Built-in Operations
script
This is used to allow other languages other than javascript to process data. Note that this is not meant to be highly efficient as it creates a child process that runs the specified script in the job. Communication between teraslice and the script is done stdin and stdout with the data format expected to be JSON. If another language is needed, it might be a better idea to use C++ or rust to add a module that Node can create native bindings so that you can require the code like a regular javascript module.
Configuration | Description | Type | Notes |
---|---|---|---|
_op | Name of operation, it must reflect the exact name of the file | String | required |
command | what command to run | String | required |
args | arguments to pass along with the command | Array | optional |
options | Obj containing options to pass into the process env | Object | optional |
asset | Name of asset containing command to run | String | optional |
Note: nodejs 8.x spawn documentation
Example configuration:
{
"_op": "script",
"command": "someFile.py",
"args": ["-someFlag1", "-someFlag2"],
"asset": "someAsset",
"options": {}
}
Example Job: examples/jobs/script/test_script_job.json
{
"name": "ES DataGen test script",
"lifecycle": "persistent",
"workers": 1,
"assets": ["standard"],
"operations": [
{
"_op": "data_generator",
"size": 100000,
"stress_test": true
},
{
"_op": "script",
"command": "test_script.py",
"asset": "test_script",
"args": [""],
"options": {}
},
{
"_op": "noop"
}
]
}
script usage example:
- Create and upload asset
cd examples/jobs/script
zip -r test_script.zip test_script
curl -XPOST -H "Content-Type: application/octet-stream" localhost:5678/assets --data-binary @test_script.zip
- Submit Job
curl -XPOST localhost:5678/jobs -d@test_script_job.json
stdout
This is primarily used for develop purposes, it console logs the incoming data, it's meant to inspect in between operations or end of outputs
Configuration | Description | Type | Notes |
---|---|---|---|
limit | Specify a number > 0 to limit the number of results printed to the console log. Default is to print all results. | Number | optional |
Example configuration
{
"_op": "stdout"
}
noop
This processor simply passes the data through, unmodified. It is primarily used for develop purposes.
Example configuration:
{
"_op": "noop"
}
There is no configuration for this processor.
delay
Wait a specific amount of time, and passes the data through.

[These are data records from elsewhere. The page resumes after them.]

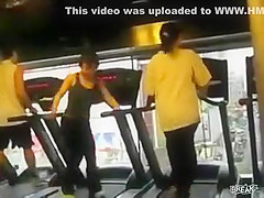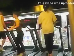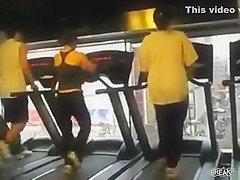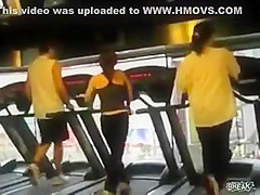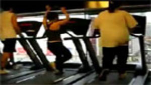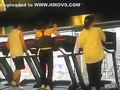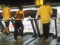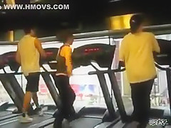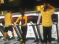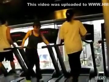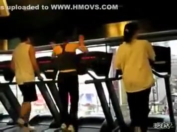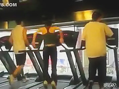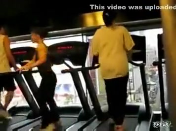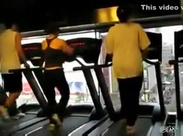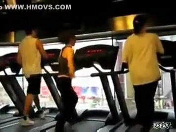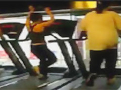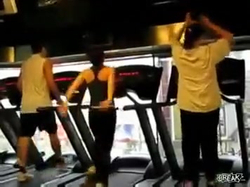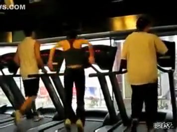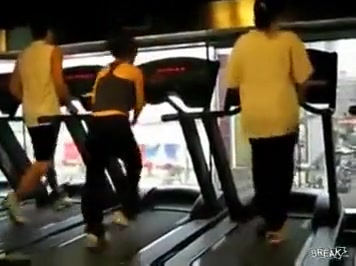 Some girl is dancing to the Barbie song while she is working out on a treadmill. You would think the people on each side would notice.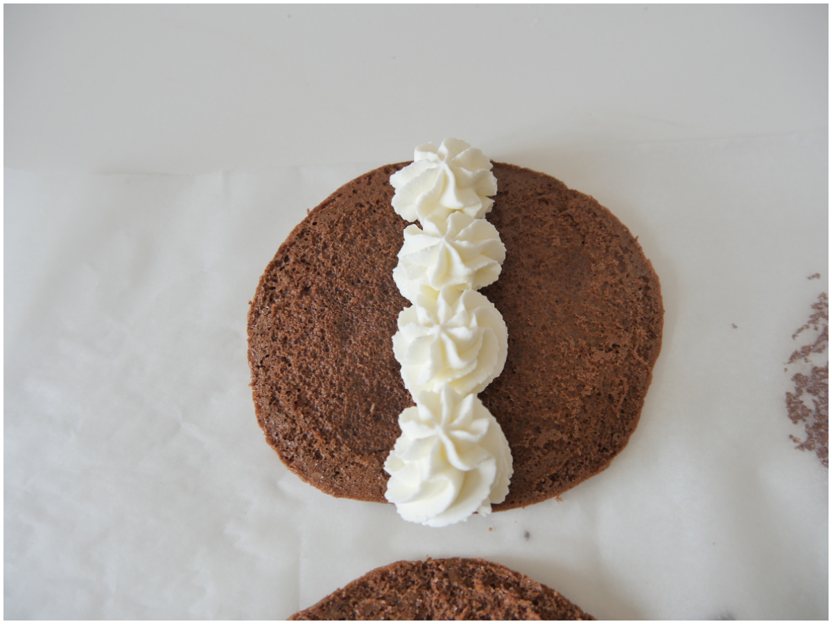 Nel frattempo montate la panna con la vaniglia e, quando i dischi saranno completamente freddi, apriteli delicatamente e mettete al centro un cucchiaino di nutella, poi decorate con i ciuffetti di panna e chiudete a mezzaluna.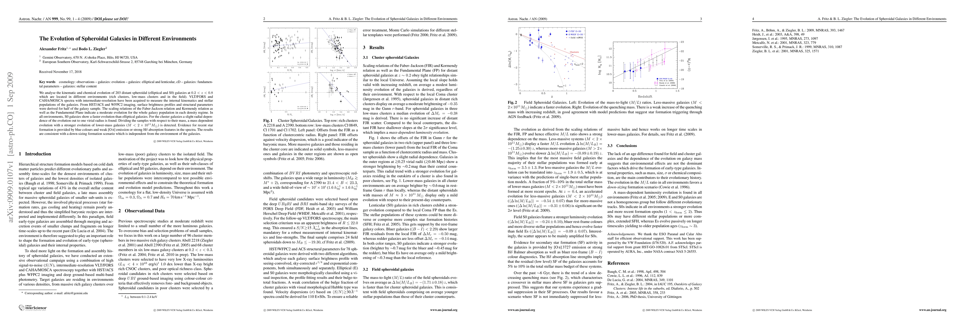 The study presents a detailed observational analysis of distant spheroidal galaxies in different environments, providing insights into their kinematic and chemical evolution.

Configuration | Description | Type | Notes |
---|---|---|---|
ms | Milliseconds to delay before passing data through | duration | optional, defaults to 100 |
Example configuration:
{
"_op": "delay",
"ms": 1000
}
test-reader
Slice and fetch data specified in a file. Useful for testing processors in teraslice-test-harness.
Configuration | Description | Type | Notes |
---|---|---|---|
passthrough_slice | If set to true then the fetcher will return what it is given, expects the value to be an array | File Path | optional |
fetcher_data_file_path | File to path to JSON array of data records. | File Path | optional |
slicer_data_file_path | File to path to JSON array of slice request. | File Path | optional |
Example configuration for reading for a file:
{
"_op": "test-reader",
"fetcher_data_file_path": "/path/to/fetcher-data-file.json"
}
/path/to/fetcher-data-file.json
[
{
"foo": "bar"
},
{
"foo": "baz"
},
]
Example test for pass_through_slice
:
const { WorkerTestHarness, newTestJobConfig } = require('teraslice-test-harness');
describe('Pass Through Test', () => {
const job = newTestJobConfig({
operations: [
{
_op: 'test-reader',
passthrough_slice: true
},
{ _op: 'noop' }
],
});
const harness = new WorkerTestHarness(job, {});
beforeAll(() => harness.initialize());
afterAll(() => harness.shutdown());
it('should be able to run a slice', async () => {
const input = [
{ foo: 'bar' },
{ foo: 'baz' }
];
const output = await harness.runSlice(input);
expect(output).toEqual(input);
});
});